Global Economics

Cracking Down on Ringtone Swindles


The EC says some Web sites trick customers seeking just a single ringtone into buying long-term subscriptions

The European Commission will on Thursday (17 July) announce that it will launch inquiries into ringtone websites across Europe, as a result of an initial investigation that found that many are tricking consumers into expensive subscriptions when they thought they were downloading a single ringtone for free.

It has checked some 500 websites offering mobile phone services such as ringtones and wallpapers—images to be displayed on-screen—in all EU states as well as Norway and Iceland, and has found that 80 percent of them need to be investigated further "for suspected breaches of EU consumer rules."

Some websites offered unclear price information, not including taxes. Others were "hiding key information in very small print", and did not provide required contact details.

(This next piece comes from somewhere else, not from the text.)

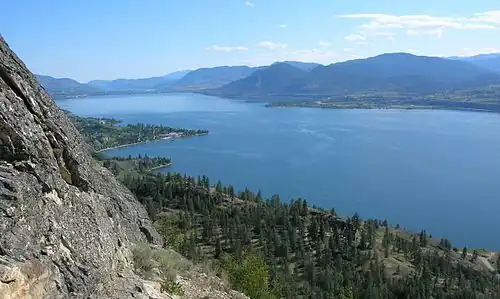 The Okanagan (often referred to as the Okanagan Valley) is a region of British Columbia. It borders the Shuswap region to the north, West Kootenays region to the east, Similkameen region to the west, and the American border to the south. The focus of this region is the 135-km-long Okanagan Lake which runs north-south from Vernon to Penticton. The region is bordered on both the east and west by mountains. The valley is known for its hot, dry summers and is a favourite vacation spot for sun seekers and outdoor enthusiasts. It is also famous for its fruit orchards and wineries.
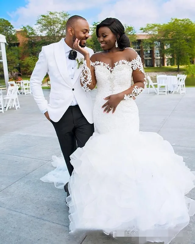 Plus Size African Plus Mermaid Wedding Dress With Long Sleeves Cathedral Train Tiered Organza Lace Applique And Jewel Neckline Vestido De Novia From Suelee Dress 159 36 Dhgate Com

Additionally, some portals lure customers into long-term contracts by offering "free" tunes; and many people thought they were buying a single ringtone, while they were in fact signing up to subscriptions, the commission found.

"Far too many people are failing victim to costly surprises from mysterious charges, fees and ringtone subscriptions they learn about for the first time when they see their mobile phone bill."

"There will be a Europe-wide enforcement action to track down each of these traders," EU consumer commissioner Meglena Kuneva stated in announcing the investigation.

Children are the main "victims" of such websites. Some 50 percent of them were found to be targetting a young public, notably by using cartoon or well known TV characters.

"We need to get a clear message out, particularly to teenagers and children: Be on your guard! It's all about the small print!," commissioner Kuneva said.

The UK, the Czech Republic and Romania had the highest number of checked websites, while in 10 member states — Denmark, Spain, Cyprus, Latvia, Lithuania, Hungary, Malta, Portugal, Finland and Sweden — all checked websites will need further investigation.

The initial commission inquiry took place from the 2 to 6 June and, following its findings, national authorities are now to contact the companies responsible for the websites, asking them to correct the irregularities.

Those companies that fail to comply may face fines or be forced to close their websites.

The national authorities are to report back to the commission in the first half of 2009.